The average course duration is about 20 sessions. They are carried out every other day. After a break of a month you can repeat. In severe cases, the number of procedures is increased.

The duration of the procedure itself depends on:

  1. forms of violation;
  2. individual characteristics;
  3. age.

As a rule, they start with a short time - from two minutes. It is gradually increased to 20 minutes.

One of the fundamental authors of the methodology is Dyakova. It was she who structured the previously known information and derived a certain sequence of actions. They are aimed at all parts of the face and allow you to perform both activation and relaxation work.

Arkhipova developed several sets of exercises in her work. Each of them is aimed at solving specific problems:

  • muscle rigidity (poor sensitivity);
  • hyperkinesis (involuntary movements);
  • paralysis.

For each complex, exercises were collected that affected certain points of the face. For example, to relax the facial muscles, you need to lightly move your fingers from your forehead to your temples. To relieve tongue tone, make stroking movements from tip to root.

Probe massage for dysarthria has been used not so long ago. The tools for it were developed by Novikova. The standard kit includes 9 probes. Each of them is used for specific purposes.

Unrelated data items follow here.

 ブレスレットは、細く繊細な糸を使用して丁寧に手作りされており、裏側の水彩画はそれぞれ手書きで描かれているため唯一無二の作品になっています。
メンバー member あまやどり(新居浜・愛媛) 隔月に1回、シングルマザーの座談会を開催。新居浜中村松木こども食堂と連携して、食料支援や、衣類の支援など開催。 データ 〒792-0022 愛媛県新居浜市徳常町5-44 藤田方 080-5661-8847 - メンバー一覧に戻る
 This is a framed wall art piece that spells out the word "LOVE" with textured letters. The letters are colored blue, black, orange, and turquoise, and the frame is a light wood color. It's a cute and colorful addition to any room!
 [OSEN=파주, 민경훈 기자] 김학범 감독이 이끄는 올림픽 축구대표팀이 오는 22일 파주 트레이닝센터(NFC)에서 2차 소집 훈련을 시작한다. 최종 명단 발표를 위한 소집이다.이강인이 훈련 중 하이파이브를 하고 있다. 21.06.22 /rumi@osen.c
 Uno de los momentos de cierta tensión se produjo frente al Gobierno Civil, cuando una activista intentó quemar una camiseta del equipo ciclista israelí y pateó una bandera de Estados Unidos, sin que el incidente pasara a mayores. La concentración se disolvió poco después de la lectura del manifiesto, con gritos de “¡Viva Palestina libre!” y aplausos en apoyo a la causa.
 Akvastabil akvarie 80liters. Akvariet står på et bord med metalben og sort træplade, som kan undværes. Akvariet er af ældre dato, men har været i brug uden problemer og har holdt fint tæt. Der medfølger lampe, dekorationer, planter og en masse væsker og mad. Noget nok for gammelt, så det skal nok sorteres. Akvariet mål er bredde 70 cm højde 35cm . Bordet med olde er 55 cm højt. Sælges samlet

For example, “Sleds” (they come in three sizes) are designed to activate muscles. They are easily moved along the organ and such a small pressure perfectly stimulates the muscles. The name comes from the fact that the probe resembles the runners of a sled - the end of the instrument is also rounded.

The “hatchet” has a complex shape and looks like two flattened loops. It is used to solve problems with tone: if it is high, then the pressure is light, if it is low, then the pressure is strong.

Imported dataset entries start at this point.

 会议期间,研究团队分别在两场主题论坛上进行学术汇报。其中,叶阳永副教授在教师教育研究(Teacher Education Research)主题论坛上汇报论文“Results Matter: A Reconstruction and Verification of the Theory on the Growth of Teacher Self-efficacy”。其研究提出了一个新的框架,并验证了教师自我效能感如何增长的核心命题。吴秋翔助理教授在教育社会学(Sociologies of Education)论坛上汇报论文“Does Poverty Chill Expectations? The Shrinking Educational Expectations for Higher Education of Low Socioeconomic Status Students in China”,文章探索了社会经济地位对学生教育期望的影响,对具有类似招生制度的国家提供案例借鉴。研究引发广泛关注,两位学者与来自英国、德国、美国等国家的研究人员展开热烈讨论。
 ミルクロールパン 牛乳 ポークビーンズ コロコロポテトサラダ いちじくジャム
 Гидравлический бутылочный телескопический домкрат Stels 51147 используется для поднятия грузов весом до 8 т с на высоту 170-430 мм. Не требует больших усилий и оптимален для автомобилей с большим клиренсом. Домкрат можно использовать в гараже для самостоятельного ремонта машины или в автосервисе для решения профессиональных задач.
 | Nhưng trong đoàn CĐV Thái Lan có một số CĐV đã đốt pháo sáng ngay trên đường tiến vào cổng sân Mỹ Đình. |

Some authors have supplemented Novikova's set. So, Tomilina introduced probes with a su-jok effect. They have small blunt spikes and this provides additional stimulation. Krupenchuk, Miklyaeva and others have their own probes.

Self-massage is also used. With proper training, the child independently performs the necessary manipulations. Krupenchuk has developed a special complex using teaspoons. With their help, muscles are rubbed and smoothed.

Some rules

Don't try to buy all kinds of tools. It is not they that are important, but their use. For each child, a different scheme of influence is selected. Recently, probe substitutes have become popular.

A regular toothbrush allows you to perform massage at home. To do this, it is better to have a separate one and not use the one for cleaning. It is desirable that its bristles be stiff and the reverse side have a surface for cleaning the tongue (ribbed).

All probes are strictly individual and undergo sterilization. It includes treatment with special solutions and exposure in a dry-heat oven. Because of this, many specialists switched to substitutes in the form of curly skewers. At the tips they are decorated with peaks, balls or pointed ends.

When performing manual manipulations, the tip of the tongue is wrapped in a napkin and held with fingers. This is necessary to ensure that the organ does not slip out.

The speech therapist should not have jewelry or long nails on his hands. Sterile gloves are worn for any manipulation.

Difficult moments

In some cases, massage is not so easy. In various pathologies, an increased gag reflex is observed. In this case, it will not be possible to really influence the muscles.

To reduce sensitivity, some tricks are used. Children are given strong tea for rinsing. Due to tannins, it has an anesthetic effect. Menthol lollipops are given for the same purpose.

In some cases, analyzers are trained. To do this, take the “Small Sleigh” probe and carefully guide it to the permissible line and take it back. This is done five times. Gradually the tool is wound further and further.

To suppress the reflex, it is useful to develop the chewing muscles. To do this, give the child a small syringe to chew. It is placed in the mouth with the wide part and asked to be squeezed slightly.

Some children are afraid of metal probes and may react negatively to them. In this case, they are pre-prepared for manipulation. To do this, they use toys, offer to look at all the tools and test them on objects.